When we got to seeing distance from the fence, Peeta suddenly stopped walking. I turned around to find that his head was turned away, and his figure seemed to be visibly shaking. I could see that his teeth were clenched. I knew what this meant. He was having flashbacks, or "shinies" as he called them. I returned to his side and put my hand on his arm hoping to snap him out of it. His episodes were in less frequent intervals now, a vast improvement from the time gap when he first arrived home from the capitol. Then, he had them every couple of days.
His arm swung out to fling my hand off his arm, causing me to fall over and drop the game. I hissed in pain as I felt jagged rocks jab into my thigh. His hands were clenched on either side of him, and I waited for him to calm before I gathered the game and stood up.
"Katniss, I'm so-,"Peeta began.
"No, it's fine," I silenced him hoping to make him feel better.
"No, it's no-, shit - I'm sorry Katniss," He stuttered over his words. Then he turned and ran, quite fast I might add, with his metal leg. I watched as his figure grew further and further into the shadows, when finally, he vanished all together.
I was too stunned to move. After a few moments, I collected my thoughts, and walked steadily down the narrow, dusty road, towards the direction where Peeta went.

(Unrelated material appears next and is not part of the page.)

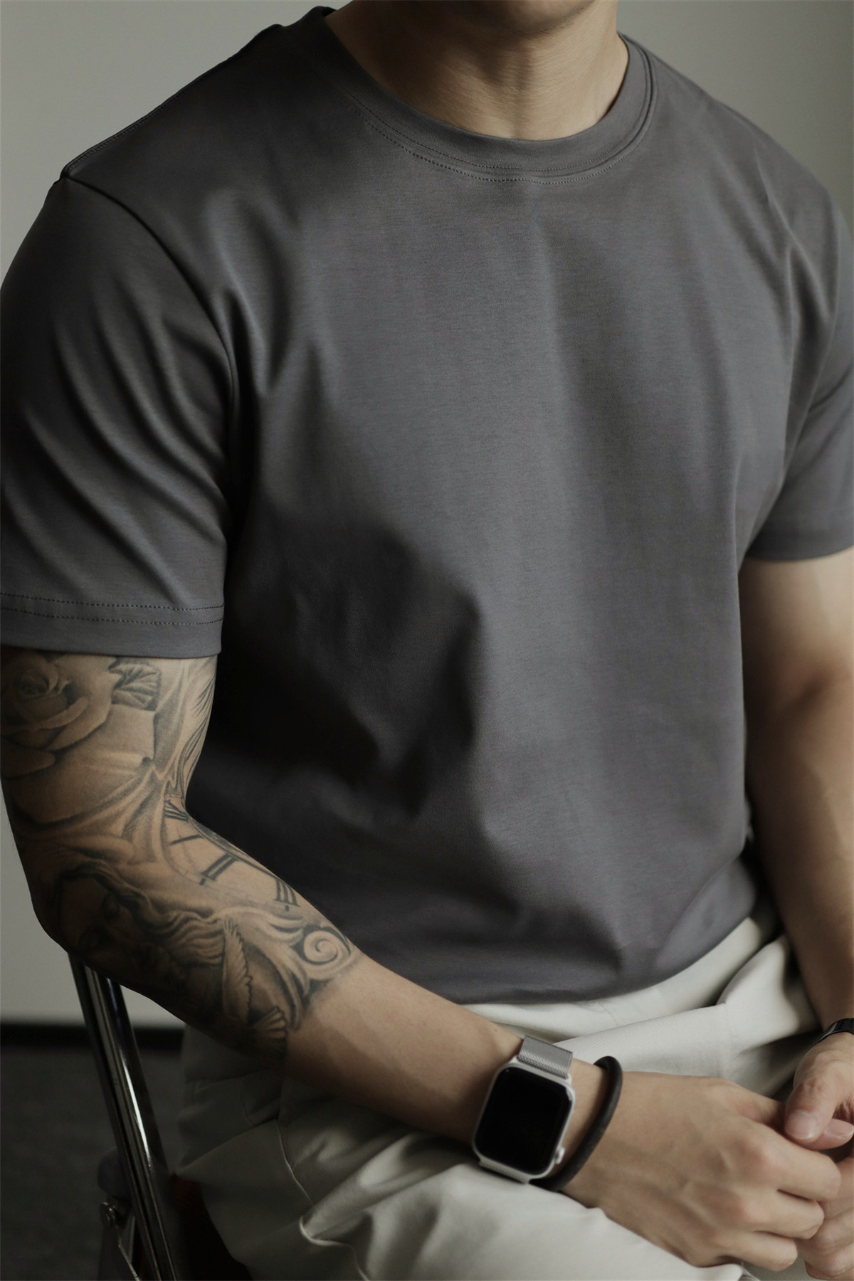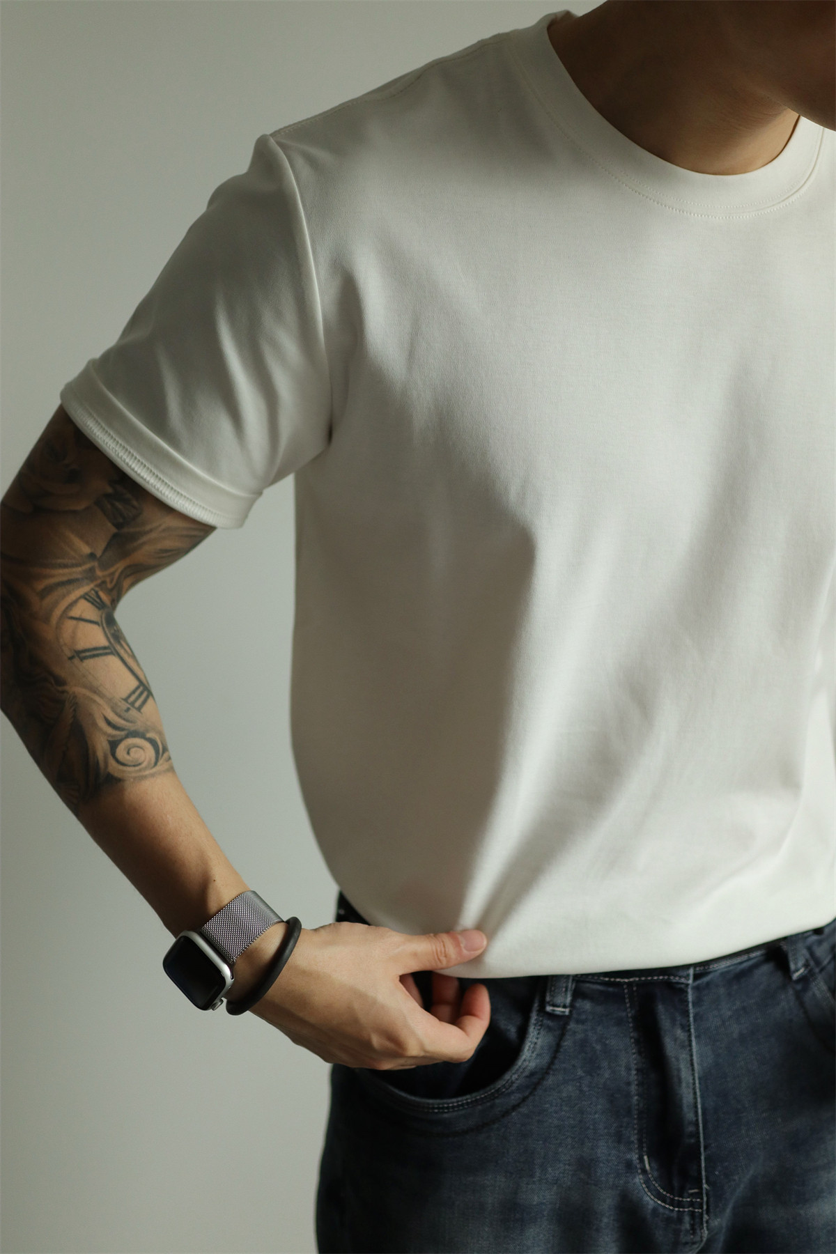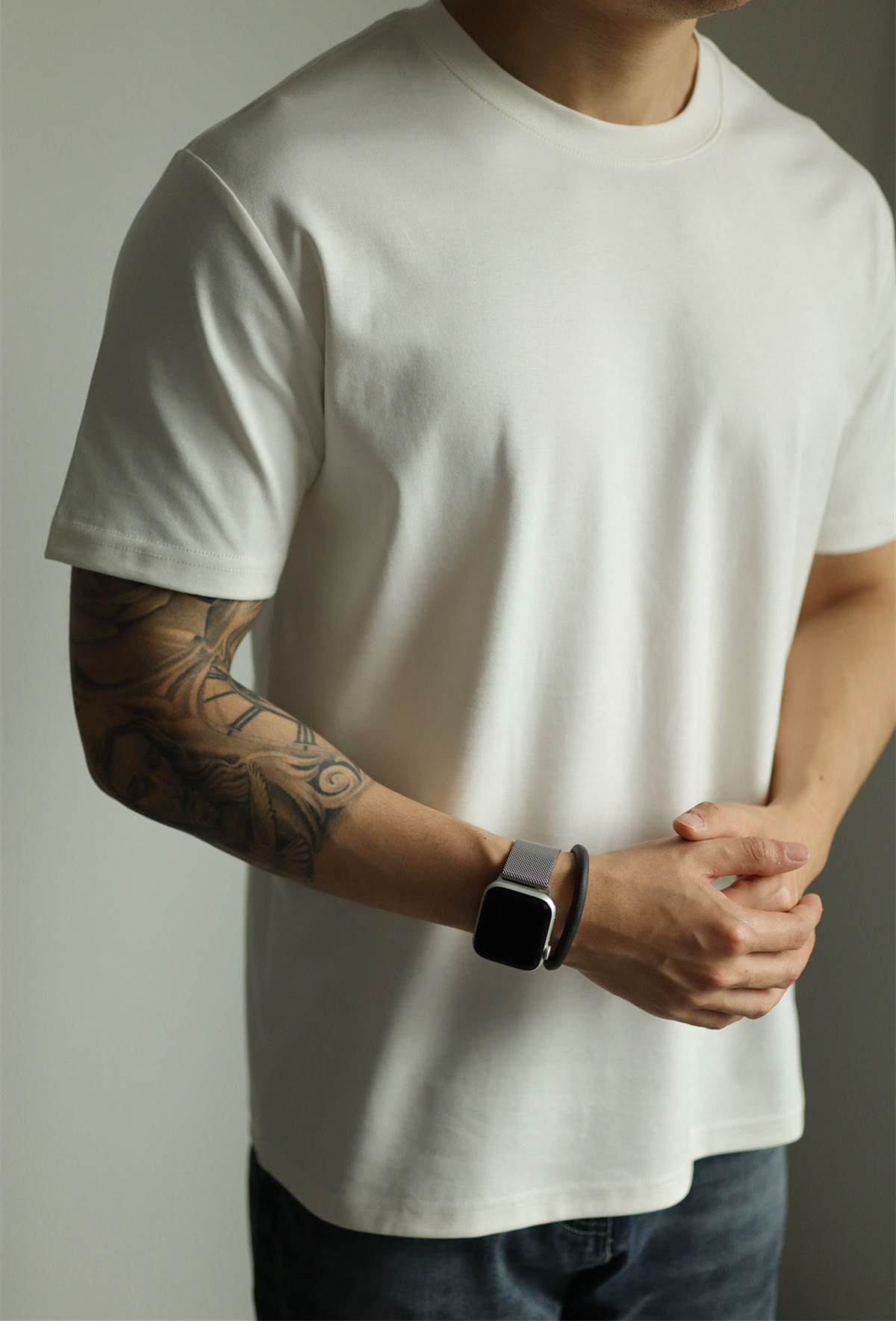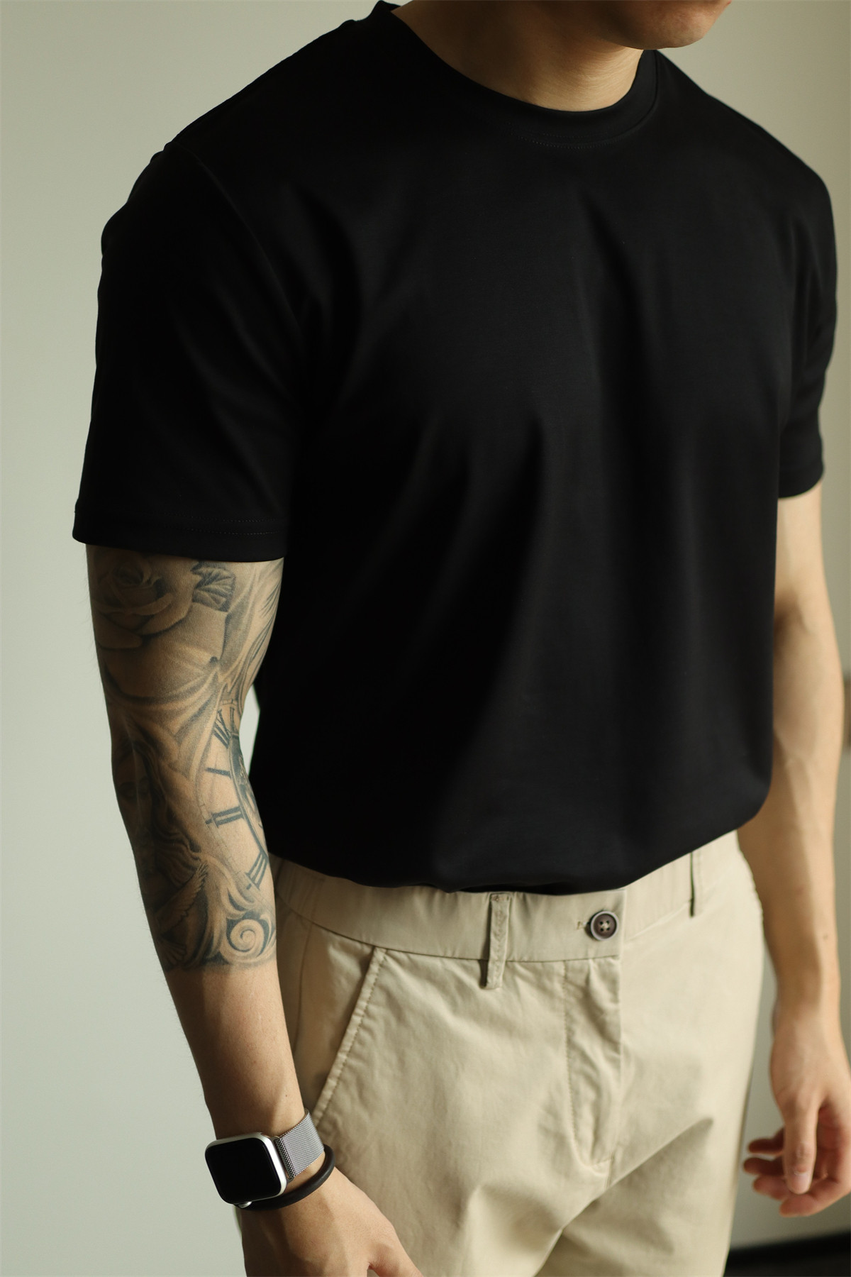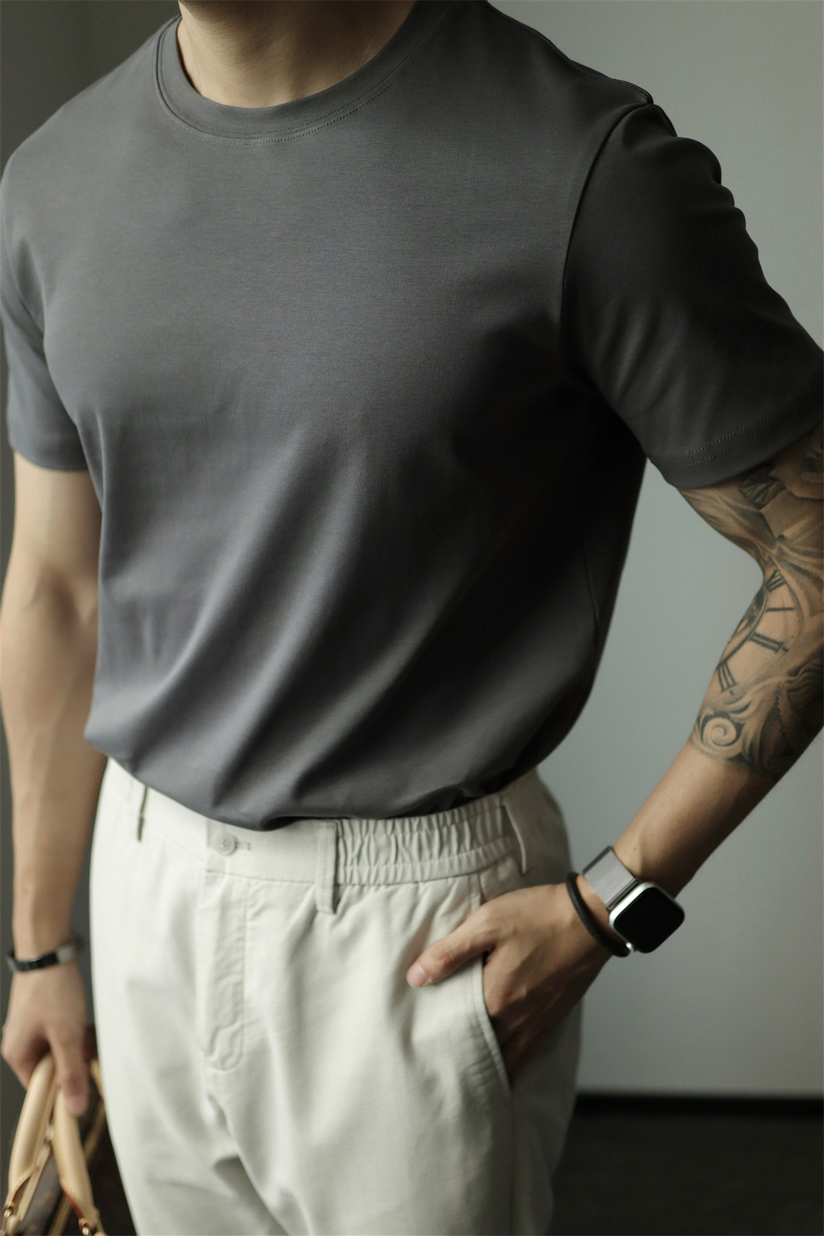 Yuxian Spring/Summer New Australian Cotton Short-Sleeve Men's T-Shirt Solid Color Soft Men's Casual Base Layer Round Neck Light Business

I made my way to the Victor's Village which was sadly only inhabited by Peeta, Haymitch, and I. As soon as I got through the door of the house, I left the game at the entrance, not caring about the mess it made. I called Peeta's name repeatedly. No answer. Maybe he was upstairs and couldn't hear me.
Halfway up the stairs, I heard the slight sound of the door creak. That's what years of hunting does to you. You hear every small sound everything makes. I hurriedly made my way back down the stairs.

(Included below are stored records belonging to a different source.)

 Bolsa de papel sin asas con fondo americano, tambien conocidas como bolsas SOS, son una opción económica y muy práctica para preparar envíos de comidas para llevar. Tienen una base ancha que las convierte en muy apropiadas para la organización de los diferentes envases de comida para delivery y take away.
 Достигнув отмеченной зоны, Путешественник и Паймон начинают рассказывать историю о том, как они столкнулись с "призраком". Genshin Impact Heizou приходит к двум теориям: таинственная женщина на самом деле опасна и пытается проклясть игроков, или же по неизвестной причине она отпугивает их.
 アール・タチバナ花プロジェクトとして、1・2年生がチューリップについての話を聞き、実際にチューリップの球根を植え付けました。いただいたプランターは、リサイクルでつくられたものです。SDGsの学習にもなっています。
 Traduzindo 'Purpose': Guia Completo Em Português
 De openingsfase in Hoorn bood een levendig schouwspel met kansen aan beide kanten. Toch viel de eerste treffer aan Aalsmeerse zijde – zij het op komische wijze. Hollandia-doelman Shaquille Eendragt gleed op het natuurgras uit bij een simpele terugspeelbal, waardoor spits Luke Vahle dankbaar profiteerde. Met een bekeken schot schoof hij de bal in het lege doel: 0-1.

It felt like massive weight had been lifted off my shoulders when I saw his head of blonde hair. I thought something had happened to him. My smile was instantly wiped off my face when I saw him carrying bags.
"Where are you going?" I asked him.
"I'm going to go back to my house for a while," He replied. Ideally, Peeta and I had been given separate houses. Going back and forth between houses had become a big inconvienience so we decided to live in the same house.
"But I- I'm fine," I insisted desperately.
"I know, but what if that happens again? What will happen when our child is born?" Oh right. I forgot to mention that I'm 2 months pregnant. Peeta had done the impossible and convinced me to have children.
"I just need a little time, I'll come back." And with that, he left. I'll come back he had said. He'll come back. He is going to come back. The words became a repetitive chant in my head as I exited the room.
6 years Later
Peeta had come back as promised. A few months later, our baby girl Primrose Rue Mellark, Rose for short, was born. Two years following that, Hayvey Cinna Mellark was welcomed into the world. We were the world's happiest parents. I know, big surprise, Katniss Everdeen, a happy parent. Dispite the fact that a few years ago, I had refused to have children. The moment Rose opened her eyes and looked at me, my opinion changed completely. Especially after seeing Peeta's overjoyed face.
I am now remninscing about the times in a small plastic chair under the shade of a tree. I watch Peeta running around, chasing the kids in a field of green. Peeta's episodes are less frequent now. Sometimes, the time gaps between them are over a year. He even learned to mask them from when they happen in front of the kids. My nightmares have mostly gone away too.
Every night, as we lie in bed, Peeta whispers in my ear, "You love me, real or not real?"
And I always whisper back,"Real." Then he wraps me in his arms, and any trace of a nightmare vanishes.
And I know that our love is real. Definitely real.